PageUp People: Integrated Talent Management

What is Integrated Talent Management (ITM)?

Well that was the question posed at this morning’s breakfast briefing session run by PageUp People to launch their new white paper, “ITM – The Evolution”. Their answer:
Workforce
Credit: Lumaxart

ITM leverages the same data, process, workflow management, security model, user portals, and reporting and analytics tools across all applications.

My answer would be very similar.

The white paper quotes heavily from people such as Thomas Otter, Jim Holincheck, CedarCrestone and Leighanne Levensaler with PageUp People offering their own conclusions on the research which in turn lays out a product roadmap for the PageUp People platform.

Within the white paper reference is made to three stages of ITM evolution:

  • Stage 1 – Today, multiple vendors, disconnected systems, a lack of analytics, and limited executive buy-in.
  • Stage 2 – Reduced number of vendors as each widen the breadth and depth of their offerings, tighter integration, initial workforce analytics, and growing executive buy-in.
  • Stage 3 – The holy grail a fully integrated talent management platform with predictive analytics and high levels of executive buy-in.

What stood out to me was the strong emphasis being placed on workforce analytics, the topic for the rest of this post, as a key indicator of a stage 3 ITM environment.

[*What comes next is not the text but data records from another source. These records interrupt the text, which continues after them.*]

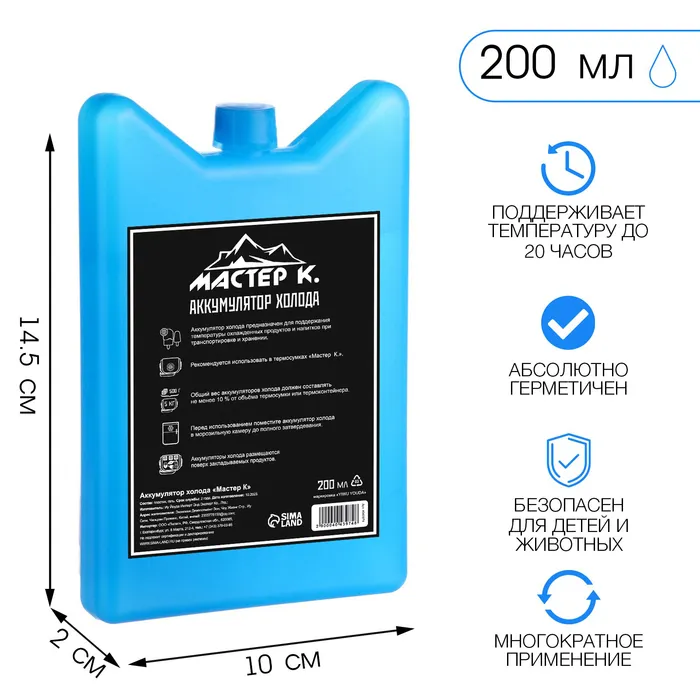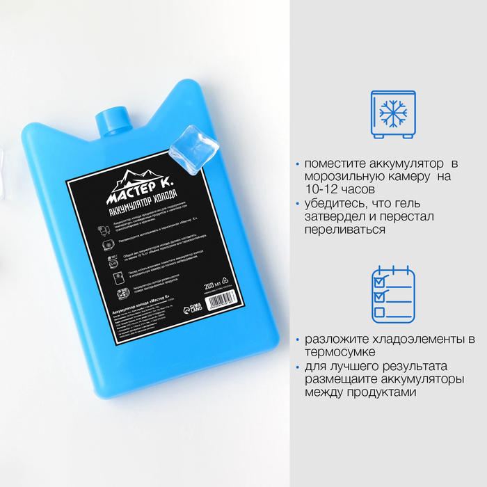 Аккумулятор холода гелевый «Мастер К», 200 мл, хладоэлемент для термосумок, 14.5×10×2 см — Характеристики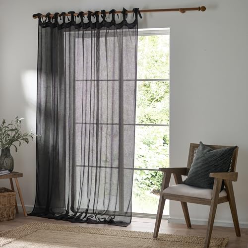 furn. Yard Nimbus Sheer Tie Top Curtain Panel - Black - 140x250cm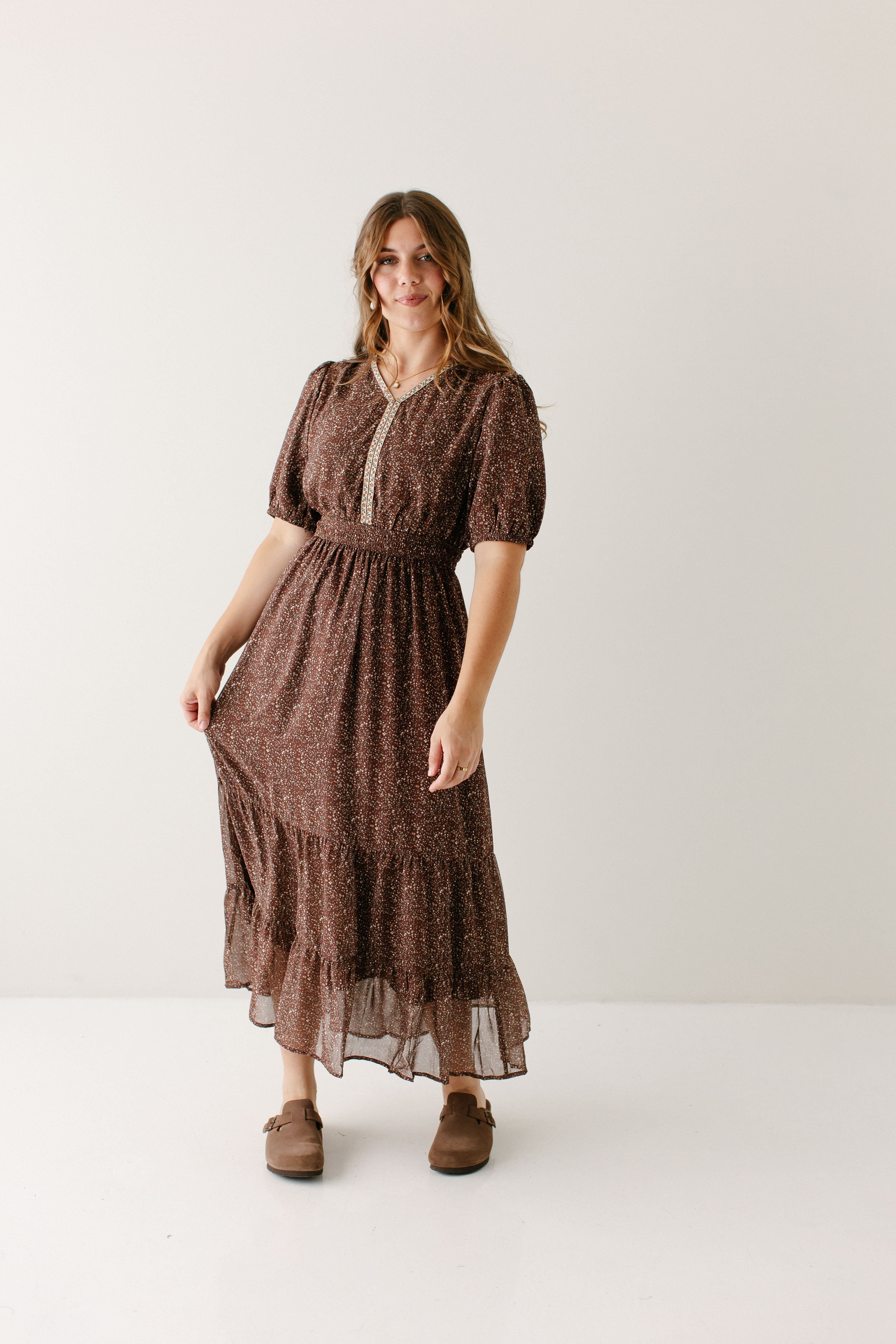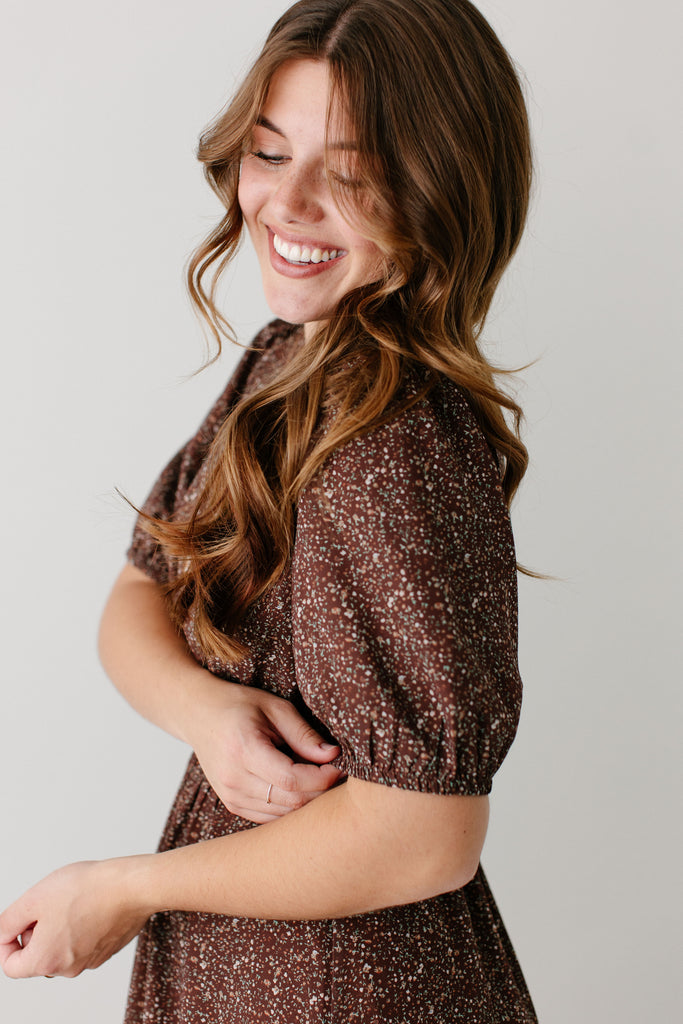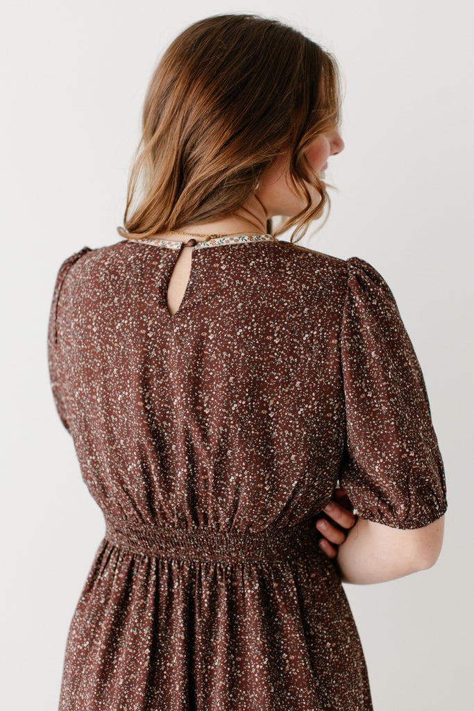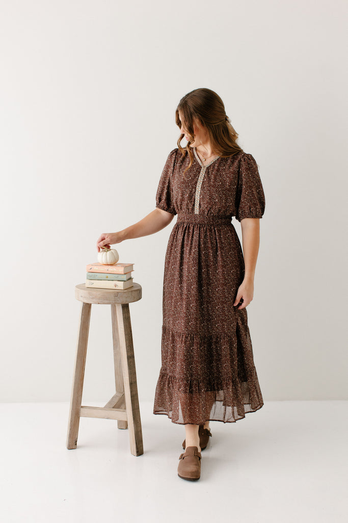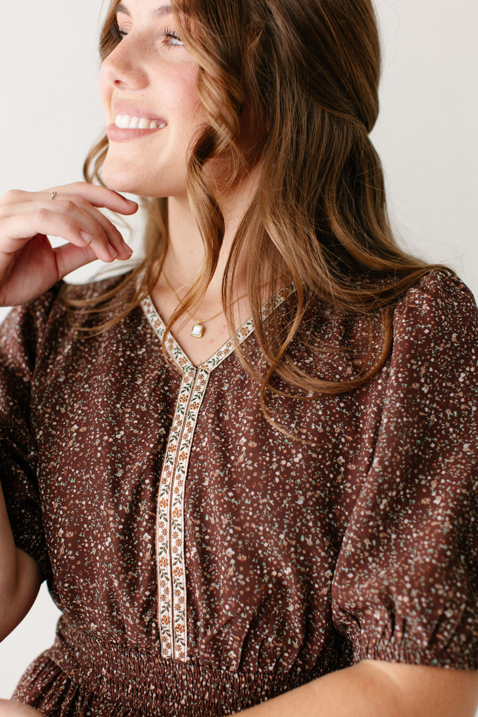 Meet the 'Adamina' Embroidered Trim Ditsy Floral Midi Dress, your next favorite all-occasion dress! Made in a classic brown with pretty embroidered detail and a sweet ditsy floral print and ruffle hem, this dress is full of all the details! Pair the ‘Adamina’ with your favorite neutral cardigan and boots for the cutest church ensemble.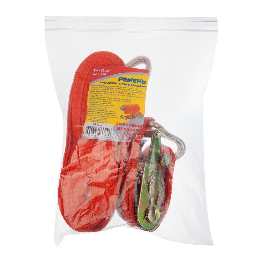 Ремень крепления груза РемоКолор с крюками, с храповым механизмом 135 мм, 0,05x6 м 62-5-120

For well over a decade workforce analytics have been discussed and predicted to come of age many times, and again we have a major talent management vendor still predicting that workforce analytics is in the future! So when will the future become today?

Over the years workforce analytics has been a keen interest of mine, in 2004 I co-presented on the topic and AHRI’s HR Week. During the presentation I referenced work conducted by the Butler Group in 1995 on the issues around data warehousing little things such as; Availability, Understanding, Accurate, Consistent and Predictability, and Privacy. I firmly believe many of these issues need to be resolved before any form of workforce analytics can be confidently undertaken by an organisation.

My co-presenter 5 years ago John Macy referenced work from the Meta Group in 2000 on the 5 categories of workforce information management, the top level being predictive modelling! John went on to discuss trends from the Meta Group, which had vendors incorporate contextual analysis into their products by 2005 and in 2006/7 Leading organisations will develop & fine tune predictive models. I guess the Meta Group was wrong!

Now back to talent management, last year Dr John Sullivan discussed why Talent Management Analytics is still failing, I added my two cents worth as well. Let’s look at Dr John’s list again:

  1. HR Skill deficiency
  2. Lack of business knowledge
  3. Expensive tools limiting deployment
  4. Lack of quality data
  5. Complicated nature of talent management
A system will not solve all the items on this list, other than item 3. This point was emphasised in the PageUp People white paper when they looked at the People and Process implications. A broader organisational change activity is required to succeed in a strategic context with workforce analytics.